**Assignment**
Print the data that follows exactly as it stands, from its first line through the line containing "Свиные рёбрышки промыть", and stop there.

(Stored records)
BEGIN

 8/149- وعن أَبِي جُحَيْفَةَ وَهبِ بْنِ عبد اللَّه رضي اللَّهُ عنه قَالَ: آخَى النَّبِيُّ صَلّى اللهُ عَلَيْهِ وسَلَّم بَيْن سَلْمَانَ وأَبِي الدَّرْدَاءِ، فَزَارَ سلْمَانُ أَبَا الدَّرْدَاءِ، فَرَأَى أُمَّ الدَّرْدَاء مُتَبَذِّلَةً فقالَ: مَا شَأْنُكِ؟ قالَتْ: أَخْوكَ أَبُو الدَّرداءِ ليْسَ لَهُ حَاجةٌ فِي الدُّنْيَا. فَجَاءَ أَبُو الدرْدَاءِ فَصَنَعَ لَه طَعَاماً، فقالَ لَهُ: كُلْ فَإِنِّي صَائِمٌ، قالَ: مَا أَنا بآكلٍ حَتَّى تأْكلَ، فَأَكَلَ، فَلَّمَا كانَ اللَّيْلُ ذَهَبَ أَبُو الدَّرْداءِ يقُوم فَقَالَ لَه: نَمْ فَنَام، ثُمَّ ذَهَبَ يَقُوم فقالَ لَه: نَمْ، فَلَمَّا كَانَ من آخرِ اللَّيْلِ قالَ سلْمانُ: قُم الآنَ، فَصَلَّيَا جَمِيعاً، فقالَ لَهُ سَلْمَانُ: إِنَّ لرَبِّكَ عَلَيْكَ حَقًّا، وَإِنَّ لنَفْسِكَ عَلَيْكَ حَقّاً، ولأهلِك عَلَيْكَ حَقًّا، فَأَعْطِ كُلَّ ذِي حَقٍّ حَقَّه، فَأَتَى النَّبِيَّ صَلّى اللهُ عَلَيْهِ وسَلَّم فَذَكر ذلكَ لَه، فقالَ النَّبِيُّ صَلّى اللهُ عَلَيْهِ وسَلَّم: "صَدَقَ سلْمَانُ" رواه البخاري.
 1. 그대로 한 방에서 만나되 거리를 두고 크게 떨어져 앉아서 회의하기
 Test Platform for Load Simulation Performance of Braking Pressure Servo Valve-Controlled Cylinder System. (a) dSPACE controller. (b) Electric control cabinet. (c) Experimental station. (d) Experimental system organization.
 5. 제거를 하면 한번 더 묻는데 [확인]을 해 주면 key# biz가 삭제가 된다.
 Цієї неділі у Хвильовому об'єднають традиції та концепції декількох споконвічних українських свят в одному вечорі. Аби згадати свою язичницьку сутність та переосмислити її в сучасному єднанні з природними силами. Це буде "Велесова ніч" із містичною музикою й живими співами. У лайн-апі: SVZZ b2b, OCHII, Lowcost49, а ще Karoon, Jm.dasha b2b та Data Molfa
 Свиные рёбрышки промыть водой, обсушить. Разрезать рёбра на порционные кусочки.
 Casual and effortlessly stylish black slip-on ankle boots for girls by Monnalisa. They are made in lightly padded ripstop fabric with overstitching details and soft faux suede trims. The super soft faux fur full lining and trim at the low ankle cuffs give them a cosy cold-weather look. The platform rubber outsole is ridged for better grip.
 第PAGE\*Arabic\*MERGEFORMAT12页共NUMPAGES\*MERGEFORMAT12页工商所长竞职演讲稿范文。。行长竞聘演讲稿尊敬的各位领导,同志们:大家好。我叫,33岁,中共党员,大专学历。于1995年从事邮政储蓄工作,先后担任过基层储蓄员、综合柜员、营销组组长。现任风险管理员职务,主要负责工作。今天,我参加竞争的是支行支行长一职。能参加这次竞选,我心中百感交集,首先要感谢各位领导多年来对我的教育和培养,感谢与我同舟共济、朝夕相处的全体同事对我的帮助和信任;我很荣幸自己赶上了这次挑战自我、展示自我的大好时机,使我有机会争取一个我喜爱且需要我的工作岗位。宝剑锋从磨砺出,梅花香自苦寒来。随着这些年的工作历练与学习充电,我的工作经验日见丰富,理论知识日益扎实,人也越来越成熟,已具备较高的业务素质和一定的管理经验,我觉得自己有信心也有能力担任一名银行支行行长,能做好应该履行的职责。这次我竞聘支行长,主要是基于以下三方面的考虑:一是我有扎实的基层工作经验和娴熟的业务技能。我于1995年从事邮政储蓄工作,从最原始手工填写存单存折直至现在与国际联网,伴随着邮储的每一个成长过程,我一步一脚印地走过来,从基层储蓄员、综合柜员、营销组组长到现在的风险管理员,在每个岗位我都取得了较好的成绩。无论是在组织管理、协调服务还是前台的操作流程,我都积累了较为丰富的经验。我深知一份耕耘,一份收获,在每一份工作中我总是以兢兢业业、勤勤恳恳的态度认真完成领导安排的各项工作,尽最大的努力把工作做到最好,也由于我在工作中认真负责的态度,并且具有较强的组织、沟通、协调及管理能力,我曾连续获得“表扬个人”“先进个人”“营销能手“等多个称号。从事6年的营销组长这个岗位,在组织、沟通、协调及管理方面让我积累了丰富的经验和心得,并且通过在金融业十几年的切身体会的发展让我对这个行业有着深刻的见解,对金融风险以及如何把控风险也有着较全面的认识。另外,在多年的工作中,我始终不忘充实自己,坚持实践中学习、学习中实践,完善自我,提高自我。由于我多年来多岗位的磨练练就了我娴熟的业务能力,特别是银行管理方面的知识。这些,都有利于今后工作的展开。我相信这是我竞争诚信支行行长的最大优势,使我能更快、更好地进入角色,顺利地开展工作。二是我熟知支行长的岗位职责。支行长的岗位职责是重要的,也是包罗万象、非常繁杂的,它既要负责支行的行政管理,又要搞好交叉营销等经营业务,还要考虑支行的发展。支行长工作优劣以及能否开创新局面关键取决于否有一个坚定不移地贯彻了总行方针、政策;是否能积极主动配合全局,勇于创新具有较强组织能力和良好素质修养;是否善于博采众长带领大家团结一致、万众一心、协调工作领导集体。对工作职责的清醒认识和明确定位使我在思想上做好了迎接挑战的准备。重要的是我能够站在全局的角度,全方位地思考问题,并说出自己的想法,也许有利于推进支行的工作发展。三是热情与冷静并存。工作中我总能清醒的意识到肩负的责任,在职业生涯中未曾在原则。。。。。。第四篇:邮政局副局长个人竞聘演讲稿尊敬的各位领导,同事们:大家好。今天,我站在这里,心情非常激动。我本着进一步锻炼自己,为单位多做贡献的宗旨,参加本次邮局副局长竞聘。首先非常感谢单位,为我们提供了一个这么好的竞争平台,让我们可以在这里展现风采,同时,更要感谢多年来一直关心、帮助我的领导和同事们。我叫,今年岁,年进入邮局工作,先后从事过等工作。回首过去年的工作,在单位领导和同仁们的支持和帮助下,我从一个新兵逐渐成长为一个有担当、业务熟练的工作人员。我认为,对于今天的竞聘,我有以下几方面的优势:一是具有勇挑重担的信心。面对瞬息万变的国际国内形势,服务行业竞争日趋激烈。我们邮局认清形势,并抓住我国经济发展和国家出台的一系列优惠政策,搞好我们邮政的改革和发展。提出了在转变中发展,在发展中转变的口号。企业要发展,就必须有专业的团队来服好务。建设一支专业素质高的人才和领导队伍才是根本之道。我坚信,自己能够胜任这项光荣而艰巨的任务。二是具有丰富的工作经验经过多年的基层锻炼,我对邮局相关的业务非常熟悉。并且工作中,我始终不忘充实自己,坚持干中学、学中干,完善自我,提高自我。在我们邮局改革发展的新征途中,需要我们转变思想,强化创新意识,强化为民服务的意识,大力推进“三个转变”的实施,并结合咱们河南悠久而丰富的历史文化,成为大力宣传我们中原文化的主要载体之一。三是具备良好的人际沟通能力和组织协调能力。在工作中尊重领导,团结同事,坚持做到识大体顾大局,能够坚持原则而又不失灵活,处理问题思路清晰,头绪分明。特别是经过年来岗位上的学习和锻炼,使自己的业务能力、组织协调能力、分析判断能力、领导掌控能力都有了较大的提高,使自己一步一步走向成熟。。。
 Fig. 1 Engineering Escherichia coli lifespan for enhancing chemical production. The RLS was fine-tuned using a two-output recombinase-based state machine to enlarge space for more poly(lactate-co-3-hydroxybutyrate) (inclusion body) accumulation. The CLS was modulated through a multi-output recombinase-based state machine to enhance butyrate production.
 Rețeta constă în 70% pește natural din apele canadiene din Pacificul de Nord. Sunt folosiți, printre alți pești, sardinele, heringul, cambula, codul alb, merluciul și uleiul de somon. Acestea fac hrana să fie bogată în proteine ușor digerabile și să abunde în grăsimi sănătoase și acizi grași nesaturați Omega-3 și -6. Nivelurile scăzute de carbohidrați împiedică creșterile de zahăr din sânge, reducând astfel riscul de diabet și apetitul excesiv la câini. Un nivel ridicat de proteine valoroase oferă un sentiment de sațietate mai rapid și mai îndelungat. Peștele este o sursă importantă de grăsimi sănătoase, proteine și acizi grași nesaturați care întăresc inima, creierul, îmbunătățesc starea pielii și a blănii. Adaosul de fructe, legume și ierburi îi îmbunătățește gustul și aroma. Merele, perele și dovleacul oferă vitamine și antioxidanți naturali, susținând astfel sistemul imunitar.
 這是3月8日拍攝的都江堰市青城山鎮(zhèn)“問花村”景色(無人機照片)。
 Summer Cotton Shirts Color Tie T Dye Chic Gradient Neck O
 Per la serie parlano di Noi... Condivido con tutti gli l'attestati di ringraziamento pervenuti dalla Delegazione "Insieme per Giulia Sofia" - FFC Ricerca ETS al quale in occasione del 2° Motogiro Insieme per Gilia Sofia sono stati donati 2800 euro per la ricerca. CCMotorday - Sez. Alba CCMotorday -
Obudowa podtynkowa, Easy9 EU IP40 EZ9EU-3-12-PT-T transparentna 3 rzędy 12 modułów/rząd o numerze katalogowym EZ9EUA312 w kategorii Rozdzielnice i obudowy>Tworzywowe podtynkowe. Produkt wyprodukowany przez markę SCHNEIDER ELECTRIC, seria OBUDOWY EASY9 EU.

END

**Result of the exercise**
 8/149- وعن أَبِي جُحَيْفَةَ وَهبِ بْنِ عبد اللَّه رضي اللَّهُ عنه قَالَ: آخَى النَّبِيُّ صَلّى اللهُ عَلَيْهِ وسَلَّم بَيْن سَلْمَانَ وأَبِي الدَّرْدَاءِ، فَزَارَ سلْمَانُ أَبَا الدَّرْدَاءِ، فَرَأَى أُمَّ الدَّرْدَاء مُتَبَذِّلَةً فقالَ: مَا شَأْنُكِ؟ قالَتْ: أَخْوكَ أَبُو الدَّرداءِ ليْسَ لَهُ حَاجةٌ فِي الدُّنْيَا. فَجَاءَ أَبُو الدرْدَاءِ فَصَنَعَ لَه طَعَاماً، فقالَ لَهُ: كُلْ فَإِنِّي صَائِمٌ، قالَ: مَا أَنا بآكلٍ حَتَّى تأْكلَ، فَأَكَلَ، فَلَّمَا كانَ اللَّيْلُ ذَهَبَ أَبُو الدَّرْداءِ يقُوم فَقَالَ لَه: نَمْ فَنَام، ثُمَّ ذَهَبَ يَقُوم فقالَ لَه: نَمْ، فَلَمَّا كَانَ من آخرِ اللَّيْلِ قالَ سلْمانُ: قُم الآنَ، فَصَلَّيَا جَمِيعاً، فقالَ لَهُ سَلْمَانُ: إِنَّ لرَبِّكَ عَلَيْكَ حَقًّا، وَإِنَّ لنَفْسِكَ عَلَيْكَ حَقّاً، ولأهلِك عَلَيْكَ حَقًّا، فَأَعْطِ كُلَّ ذِي حَقٍّ حَقَّه، فَأَتَى النَّبِيَّ صَلّى اللهُ عَلَيْهِ وسَلَّم فَذَكر ذلكَ لَه، فقالَ النَّبِيُّ صَلّى اللهُ عَلَيْهِ وسَلَّم: "صَدَقَ سلْمَانُ" رواه البخاري.
 1. 그대로 한 방에서 만나되 거리를 두고 크게 떨어져 앉아서 회의하기
 Test Platform for Load Simulation Performance of Braking Pressure Servo Valve-Controlled Cylinder System. (a) dSPACE controller. (b) Electric control cabinet. (c) Experimental station. (d) Experimental system organization.
 5. 제거를 하면 한번 더 묻는데 [확인]을 해 주면 key# biz가 삭제가 된다.
 Цієї неділі у Хвильовому об'єднають традиції та концепції декількох споконвічних українських свят в одному вечорі. Аби згадати свою язичницьку сутність та переосмислити її в сучасному єднанні з природними силами. Це буде "Велесова ніч" із містичною музикою й живими співами. У лайн-апі: SVZZ b2b, OCHII, Lowcost49, а ще Karoon, Jm.dasha b2b та Data Molfa
 Свиные рёбрышки промыть водой, обсушить. Разрезать рёбра на порционные кусочки.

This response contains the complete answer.